Слово Иоанна Златоустаго о играхъ и о плясании
«Тии бо насъ соблажняютъ...иного же на кощюны[242] и на пѣсни сатанинъския, и на плескания[243] и на гудение[244] и на плясание учатъ. А всѣхъ же играний проклятѣе есть много вертимое плясание: то бо отлучаетъ человѣки отъ Бога и во дно адово ведетъ... Седоша бо, рече, людие ясти и пити, и быша сыти и пьяни, и восташа играти плясаниемъ... и потомъ приступиша ко идоломъ и начаша жертву приносити имъ» (Памятники древнерусской церковно-учительной литературы 1897: 104).
Весьма подробное описание действий, связанных с ворожбой, находим в «Сыскном деле» XVII в.

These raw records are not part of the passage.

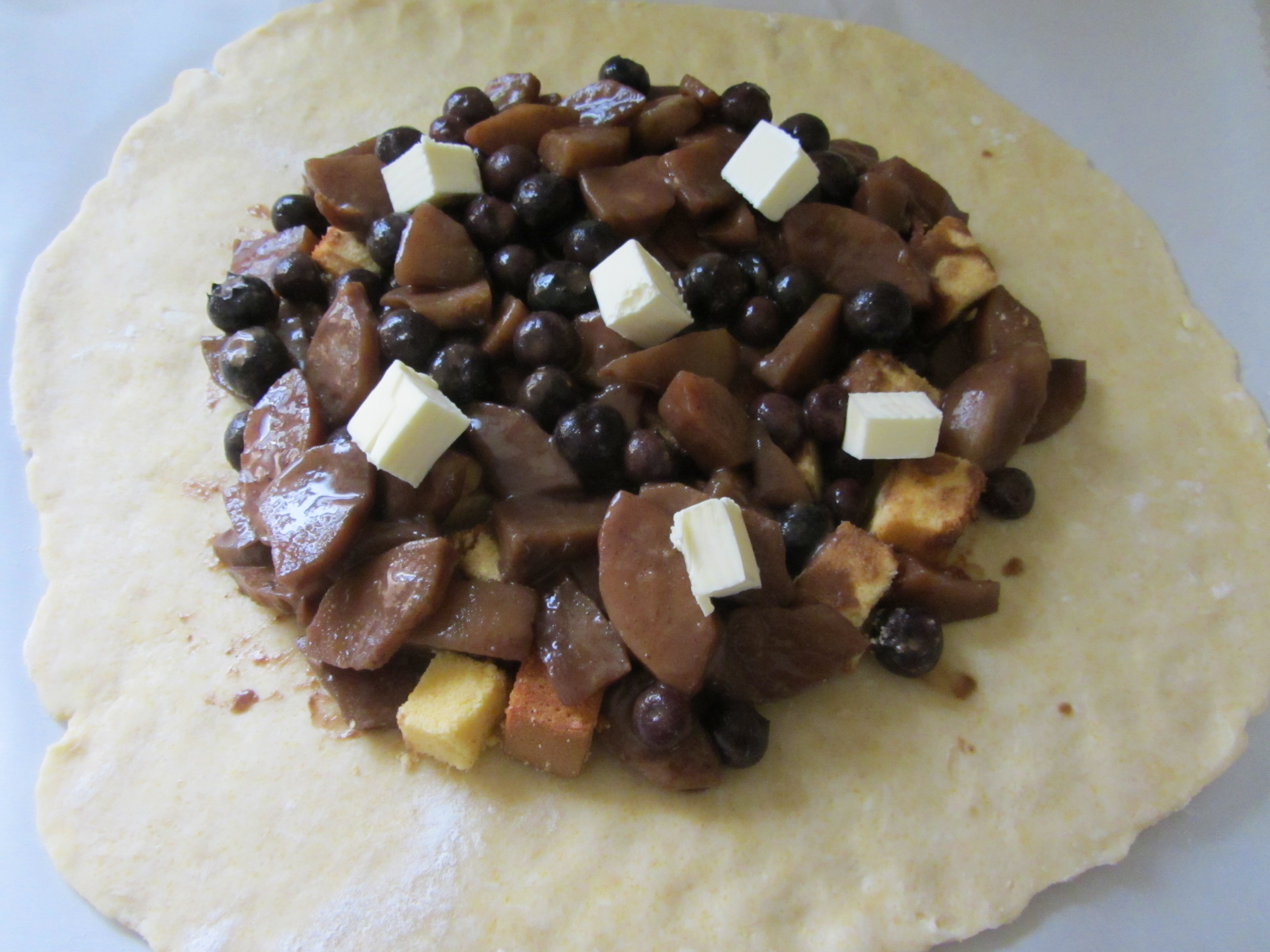 In the center of your dough circle, you place pound cake cubes (I used frozen pound cake), and top this with your fruit filling. Some clumps of butter are dotted over the filling, and you can begin folding up your dough.
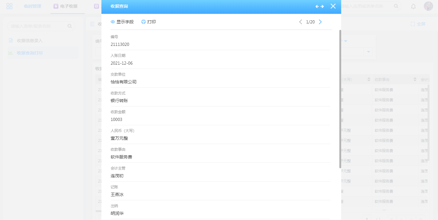 在提交成功的收据信息报表中,可以直接一键选择打印按钮,将自动匹配收据格式,确认无误后即可直接打印。
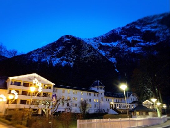 フロム鉄道駅の目の前にあり、吹き抜けのレストランがとても素敵。
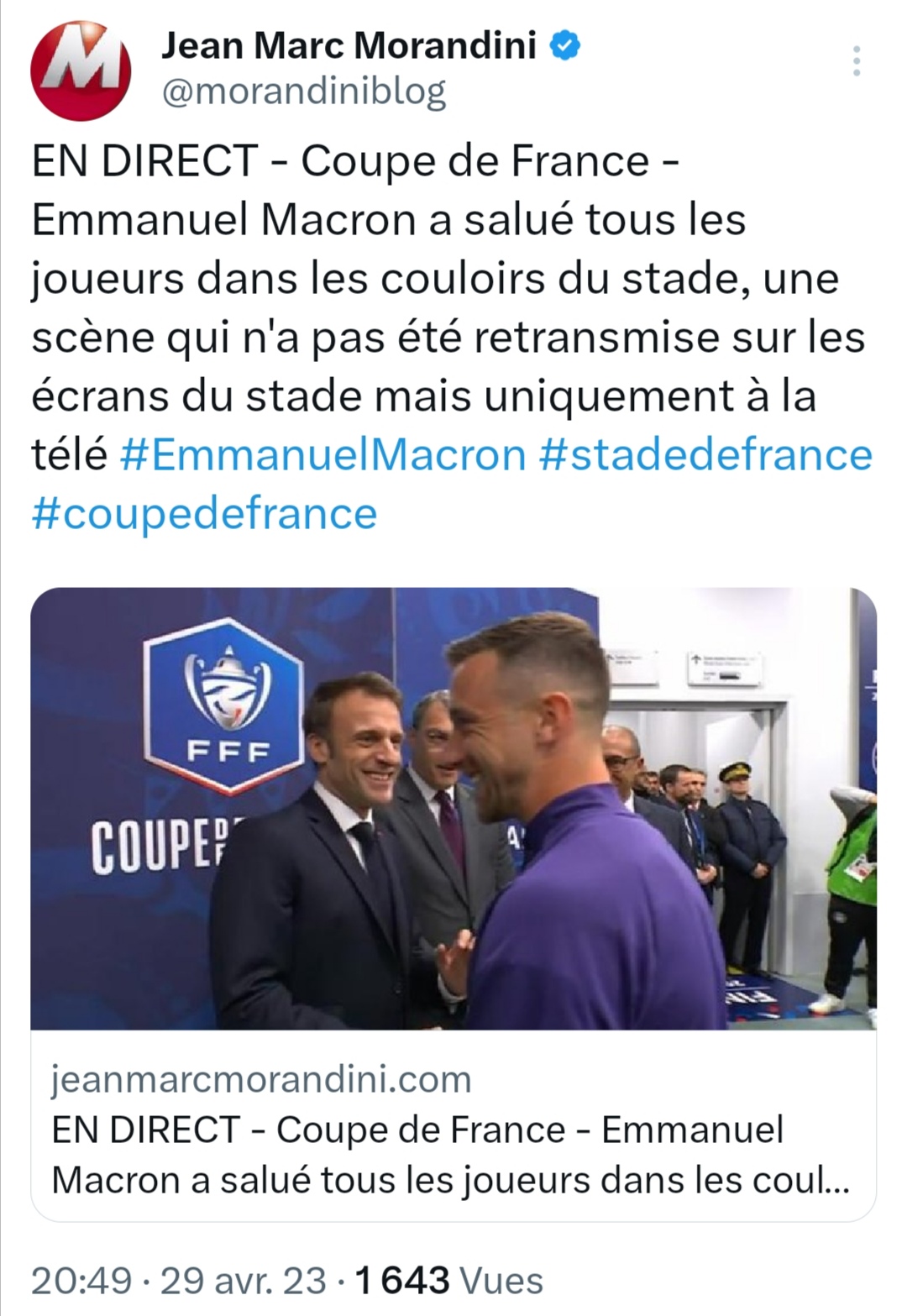L’opération “cartons et sifflets” n’a peut être pas été couronnée de succes, mais pour ce qui me concerne cela a été très positif. En effet, rien que de voir la gueule que tirait durant le match le MACRON qui ne pouvait cacher une grande trouille certaine, j’ai trouvé ça JOUISSIF ! d’ailleurs, “IELLE”, avec ses grandes qualités maternelles l’encourageait souvent de quelques mots susurrés à l’oreille ! Le mec qui se qualifie lui-même de “tueur” n’en menait pas large. Et je pense qu’il n’a encore rien vu !

Сыскное дело 1642—1643 гг. о намерении испортить царицу Евдокию Лукьяновну
«...Его жъ де научалъ государыню царицу портить и уморить до смерти стрелецъ Васька Мещерка ...а дѣлать де было ему то дѣло надъ государынею царицею такъ: напускать по вѣтру[245], на зорѣ на утреной или вечерней, и у того Васьки научился привязывать килъ[246] и для воровства[247] женокъ приворачивать, а приворачиваетъ де онъ женокъ тѣмъ: возметъ лягушку самца да самку и кладетъ въ муравейникъ и приговариваетъ: сколь тошно тѣмъ лягушкамъ въ муравейникѣ, столь тошно той женкѣ по немъ, Афонькѣ... Далъ ему тое травы, которою испортить и уморить государыню царицу. Будетъ де отъ тое травы государыня царица не умретъ, ино б де ей какую спону[248] сдѣлать ... Да у него жъ, у Гришки, вынято косной разводъ[249], и онъ, Гришка, про тотъ косной разводъ сказалъ, что онъ тотъ косной разводъ держалъ у себя для глумства[250], а ничего по немъ не угадывалъ... съ бѣсы знался и на людей бѣсовъ по вѣтру воровствомъ напущалъ... а кого де онъ похочетъ испортить, и онъ наговариваетъ на соль и призываетъ бѣсовъ Народила и Сатанаила» (Чтения в Имп. Общ-ве истории и древностей Российских... 1895:5-37).
VII. Об оскорблении земли
Тема сакрализации воды, отношения к ней как к божественной сущности, обладающей магической активностью, звучала в тексте № 400. Обидевшая воду женщина была наказана. Этот же мотив возмездия за нарушение пиетета, но по отношению к другой сакрализованной стихии — земле — находим в «Повести о житии Михаила Клопского», написанной во второй половине XV в.:
«Чудо 6. И бысть брань[251] о земли Олферью Ивановичу с Иваном Семеновичем с Лошинским. И прорече Михаила[252] Олферию Ивановичу: „И будеши без рук и без ног, и нем!" И пришедше Олферей Иванович к церкви святой Богородици в Курецко и молвит: „Брате Иоан, то земля моя!" — да по руки ударив, да рукавицею ударив о землю. И по рукавицю наклонился, ино у него рука, и нога, и язык прочь отнялися, не говорить» (Древнерусские предания 1982: 307).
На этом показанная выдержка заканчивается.